Re: [Qemu-devel] [PATCH v3] doc: Add NBD_CMD_BLOCK_STATUS extension - Vladimir Sementsov-Ogievskiy

From: Vladimir Sementsov-Ogievskiy <vsementsov@virtuozzo.com>
To: Alex Bligh <alex@alex.org.uk>
Cc: "nbd-general@lists.sourceforge.net"
	<nbd-general@lists.sourceforge.net>,
	"qemu-devel@nongnu.org" <qemu-devel@nongnu.org>,
	Kevin Wolf <kwolf@redhat.com>,
	Paolo Bonzini <pbonzini@redhat.com>,
	Pavel Borzenkov <pborzenkov@virtuozzo.com>,
	"Stefan stefanha@redhat. com" <stefanha@redhat.com>,
	"Denis V. Lunev" <den@openvz.org>, Wouter Verhelst <w@uter.be>,
	Eric Blake <eblake@redhat.com>,
	mpa@pengutronix.de
Subject: Re: [Qemu-devel] [PATCH v3] doc: Add NBD_CMD_BLOCK_STATUS extension
Date: Tue, 29 Nov 2016 17:36:13 +0300	[thread overview]
Message-ID: <b55c59cc-626c-ba45-1d89-d7c5583616af@virtuozzo.com> (raw)
In-Reply-To: <F075D231-9CBE-437C-B9F0-0DE2AB98007B@alex.org.uk>

29.11.2016 15:57, Alex Bligh wrote:
> Vladimir,
>
> I went back to April to reread the previous train of conversation
> then found you had helpfully summarised some if it. Comments
> below.
>
> Rather than comment on many of the points individual, the root
> of my confusion and to some extent uncomfortableness about this
> proposal is 'who owns the meaning the the bitmaps'.
>
> Some of this is my own confusion (sorry) about the use to which
> this is being put, which is I think at root a documentation issue.
> To illustrate this, you write in the FAQ section that this is for
> read only disks, but the text talks about:
>
> +Some storage formats and operations over such formats express a
> +concept of data dirtiness. Whether the operation is block device
> +mirroring, incremental block device backup or any other operation with
> +a concept of data dirtiness, they all share a need to provide a list
> +of ranges that this particular operation treats as dirty.
>
> How can data be 'dirty' if it is static and unchangeable? (I thought)
>
> I now think what you are talking about backing up a *snapshot* of a disk
> that's running, where the disk itself was not connected using NBD? IE it's
> not being 'made dirty' by NBD_CMD_WRITE etc. Rather 'dirtiness' is effectively
> an opaque state represented in a bitmap, which is binary metadata
> at some particular level of granularity. It might as well be 'happiness'
> or 'is coloured blue'. The NBD server would (normally) have no way of
> manipulating this bitmap.

Yes, something like this.

Note: in Qemu it may not be a snapshot (actually, I didn't see a way in 
Qemu to export snapshots not switching to them (except opening external 
snapshot as a separate block dev)), but just any read-only drive, or 
temporary drive, used in the image fleecing scheme:

driveA is online normal drive
driveB is empty nbd export

- start backup driveA->driveB with sync=none, which means that the only 
copy which is done is copying old data from A to B before every write to A
- and set driveA as backing for driveB (on read from B, if data is not 
allocated it will be read from A)

after that, driveB is something like a snapshot for backup through NBD.

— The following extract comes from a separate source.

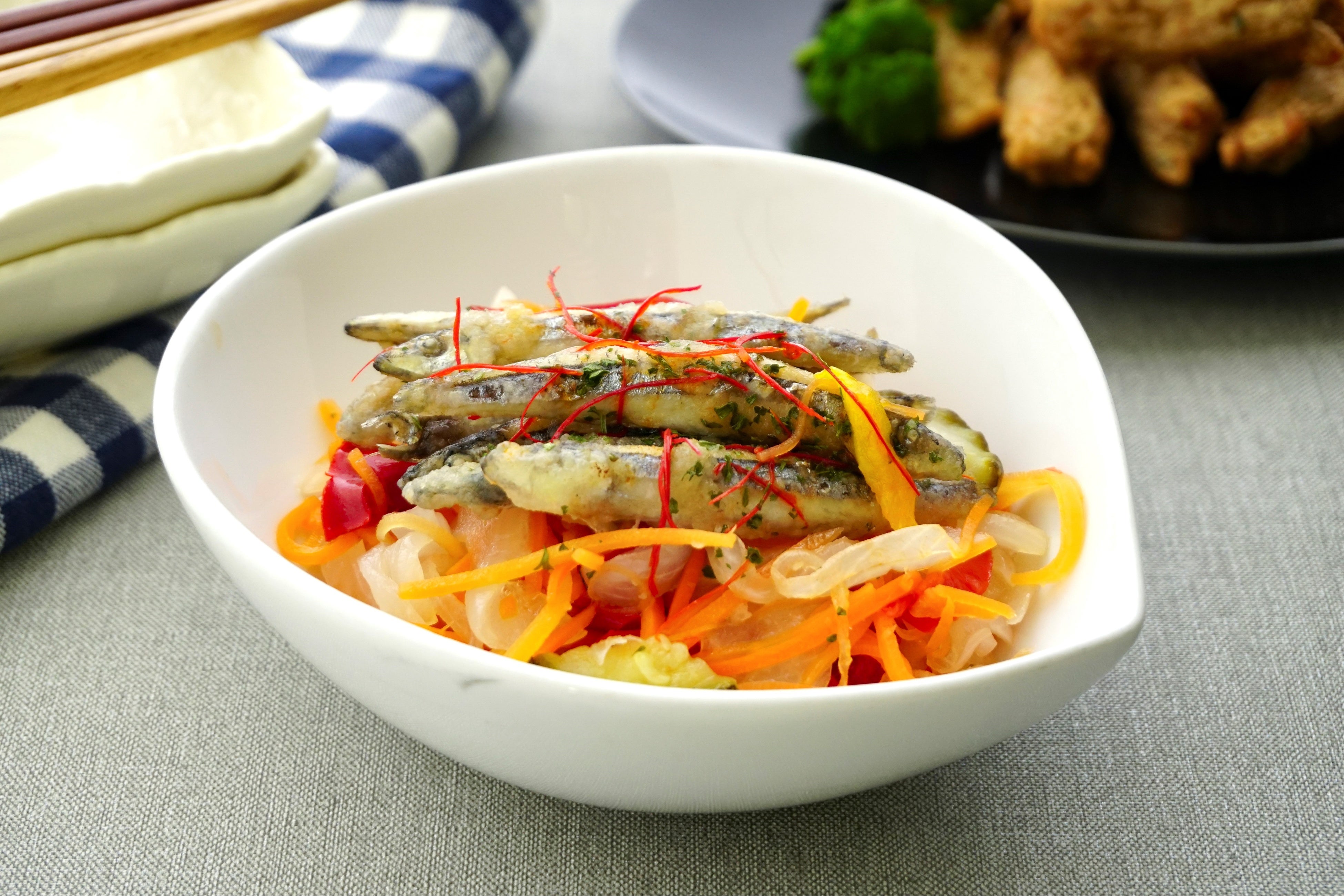 五島産のきびなごとよく合うように、レモンの酸味が効いたさっぱりとしたマリネ液を使用しています。赤・黄パプリカ、ズッキーニ、人参、玉ねぎといった色鮮やかな野菜と組み合わせています。野菜とは別にマリネしたきびなごをたっぷりトッピングし、満足感のある逸品に仕上げました。

It's all just to say: calling backup-point-in-time-state just a 
'snapshot' confuses me and I hope not to see this word in the spec (in 
this context).

>
> In previous comments, I said 'how come we can set the dirty bit through
> writes but can't clear it?'. This (my statement) is now I think wrong,
> as NBD_CMD_WRITE etc. is not defined to set the dirty bit. The
> state of the bitmap comes from whatever sets the bitmap which is outside
> the scope of this protocol to transmit it.
>
> However, we have the uncomfortable (to me) situation where the protocol
> describes a flag 'dirty', with implications as to what it does, but
> no actual strict definition of how it's set. So any 'other' user has
> no real idea how to use the information, or how to implement a server
> that provides a 'dirty' bit, because the semantics of that aren't within
> the protocol. This does not sit happily with me.
>
> So I'm wondering whether we should simplify and generalise this spec. You
> say that for the dirty flag, there's no specification of when it is
> set and cleared - that's implementation defined. Would it not be better
> then to say 'that whole thing is private to Qemu - even the name'.
>
> Rather you could read the list of bitmaps a server has, with a textual
> name, each having an index (and perhaps a granularity). You could then
> ask on NBD_CMD_BLOCK_STATUS for the appropriate index, and get back that
> bitmap value. Some names (e.g. 'ALLOCATED') could be defined in the spec,
> and some (e.g. ones beginning with 'X-') could be reserved for user
> usage. So you could use 'X-QEMU-DIRTY'). If you then change what your
> dirty bit means, you could use 'X-QEMU-DIRTY2' or similar, and not
> need a protocol change to support it.
>
> IE rather than looking at 'a way of reading the dirty bit', we could
> have this as a generic way of reading opaque bitmaps. Only one (allocation)
> might be given meaning to start off with, and it wouldn't be necessary
> for all servers to support that - i.e. you could support bitmap reading
> without having an ALLOCATION bitmap available.
>
> This spec would then be limited to the transmission of the bitmaps
> (remove the word 'dirty' entirely, except perhaps as an illustrative
> use case), and include only the definition of the allocation bitmap.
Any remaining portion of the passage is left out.